Following a fascinating hackathon in Chicago in 2018 organized by EY, three data ‘worlds’ were modeled.[1] Across all three models, one of the common factors was “who owns and controls data will be a critical pivot point”. Competition law is one of the key lenses that should be used when viewing this issue.[2] Our competition law analysis identifies a 4D model that gives greater insight to the potential value of data because competition law varies the degrees of commercial freedom to monetize data.

Now is the time to use the 4D model because we have entered Phase 2 in the evolution of data valuation.

“Attitudes to data privacy and ownership will change as the value of data increases. Companies that understand the future of data now, can position themselves to win.”

Robert Holston

EY Global Consumer Industries Advisory Leader

4D model – 1^st dimension

Data can be personal or non-personal. The EU’s General Data Protection Regulation (GDPR) is important to personal data, namely, data of an individual person. Not only is the GDPR relevant to the ability to obtain and use the data, but the data portability right under the GDPR is important to the ability of a company to continue to hold the data.[3] Non-personal data examples are data relating to a company or a machine. Other rules apply to non-personal data and to the ability of companies to access such data. For example, data are likely to become increasingly available from public sources.[4]

The GDPR requires that the data holder may process the data under certain conditions. Two of those are that consent must be provided by the end consumer or that the data holder has a legitimate purpose. Both conditions, but particularly the second are likely to evolve in meaning as further guidance is received and as the Courts rule on contentious issues. Competition law is likely to have a role where the data holder is in a dominant position. Two cases decided upon by the German competition authority lead to the conclusion that a dominant entity will be held to a higher standard when determining whether consent has been granted and whether, using a balance of interest test, there is a legitimate purpose.

4D model – 2^nd dimension

Data can relate only to a single user (so clearly personal data). It can be bundled data relating to a person but anonymized or pseudonymized, for example, it might relate to the data generated by a person’s car use. Finally, it can be aggregated level data, so again anonymized but this time related to a group of data generators, for example, the movement of cars travelling in a town on a particular day.

4D model – 3^rd dimension

The data can be volunteered by the owner, for example, as typically occurs when using an online platform by end consumers. The data can be observed, namely, captured by recording the actions of individuals, for example, location data when using cell phones. Finally, the data can be inferred, namely, data about individuals based on analysis of volunteered or observed data, for example, credit scores.[5]
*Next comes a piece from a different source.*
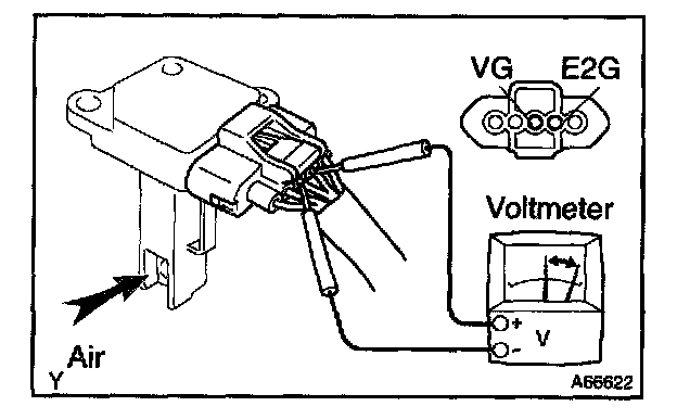 4. Blow air into the intake air flow meter, and check that the voltage fluctuates.

The GDPR right of portability applies to volunteered data. It is unclear whether it applies to observed data, while commentators generally identify that it does not apply to inferred data. The right to portability has parameters that should avoid so-called lock-in of an end consumer with a particular data holder. However, there are some practical elements that will create friction to data portability. Commentators suggest that data holders that hold a dominant position will be held to a more stringent regime.
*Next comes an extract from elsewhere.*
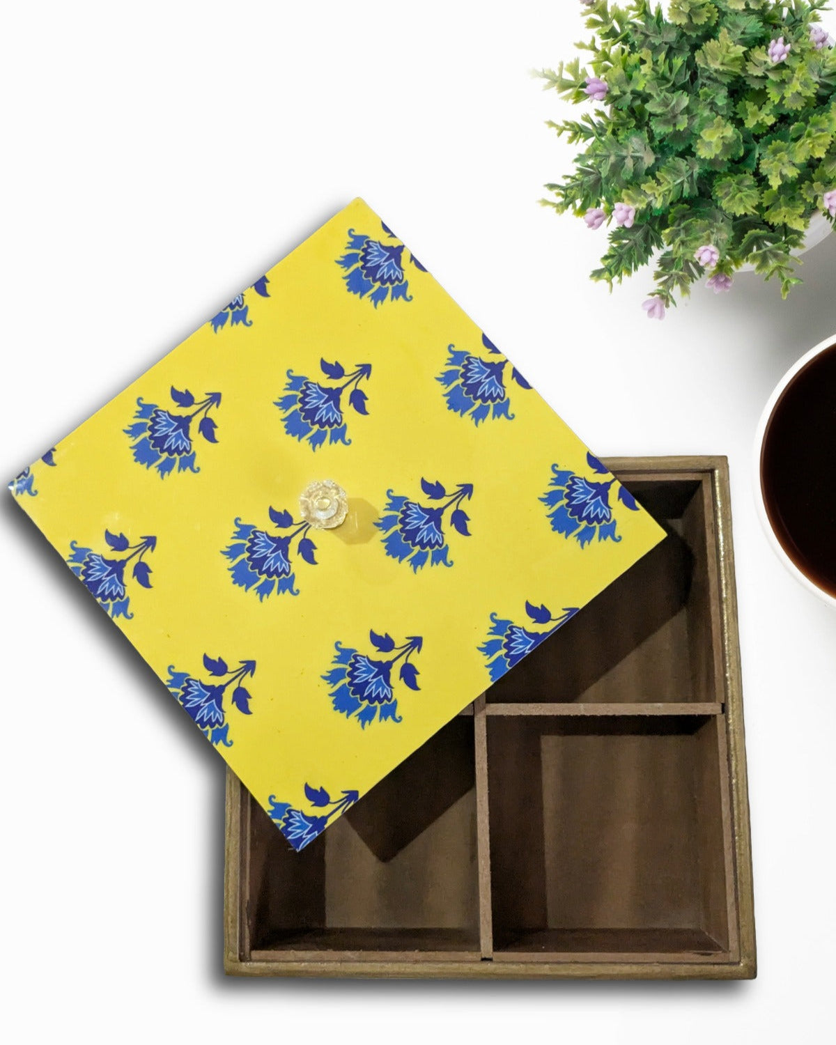Bring elegance and utility to your kitchen or living space with this handcrafted wooden storage box. Featuring a vibrant elephant print lid, Red and Green Motif print, Yellow and Blue flower print and evergreen Blue Roses FLoral Print and four spacious compartments, this multipurpose box is perfect for organizing tea bags, dry fruits, spices, or small snacks.

As regards the Internet of Things (IoT), it is observed data and inferred data that likely have the highest value. Novel use of such data may lead to novel products and services. Whether or not these will be ‘new’ markets and whether such market participants will be found under competition rules to hold market power and even hold a dominant position remains to be seen.

4D model – 4^th dimension

The data can be accessed, for example, by advertisers seeking to determine their best advertising strategy. The data can be traded, which by implication means unambiguously sold or transferred, such that the original holder no longer holds a copy of the data. Finally, the data can be shared, which implies a form of partial sale or license, with the original holder retaining a copy. Data sharing, which implies a reciprocity of data being shared is also known as data pooling.
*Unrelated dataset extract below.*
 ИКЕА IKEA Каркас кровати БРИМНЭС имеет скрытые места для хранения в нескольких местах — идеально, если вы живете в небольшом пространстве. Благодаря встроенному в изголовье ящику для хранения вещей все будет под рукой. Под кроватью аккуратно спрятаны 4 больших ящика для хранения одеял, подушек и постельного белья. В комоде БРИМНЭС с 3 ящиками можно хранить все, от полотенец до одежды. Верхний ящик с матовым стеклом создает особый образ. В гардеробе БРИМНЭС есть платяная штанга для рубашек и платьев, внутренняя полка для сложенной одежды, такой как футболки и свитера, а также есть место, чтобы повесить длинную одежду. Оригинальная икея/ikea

Data sharing, where this includes competitively sensitive information may constitute a breach of competition law. The precise nature of what is competitively sensitive information will require expert analysis. The benefits of data sharing or pooling are clear, as the already existing examples show in the insurance and banking sector (such as creditworthiness registries). Care and attention will be needed to the design and implementation of a data pool to ensure compliance with competition law.

An entity in a dominant position might be required to grant access to the data it holds. The questions to consider here are whether access to the data is essential and, on balance, should access be granted. These questions arise under the “essential facilities doctrine” of competition law. A novelty to consider is that unlike traditional essential facility cases that concerned infrastructure and then intellectual property rights, there is currently no legal recognition under EU law of a general property right in data. This might lead to a lower standard allowing easier access to data held by a dominant entity. Another novel point relates to a sub-element of the doctrine that considers the issue of substitutability. In the present context, would other data sources be substitutable (replicable) that are currently accessible to the requesting entity? This might be the case for volunteered data, but is less likely for observed data and unlikely for inferred data.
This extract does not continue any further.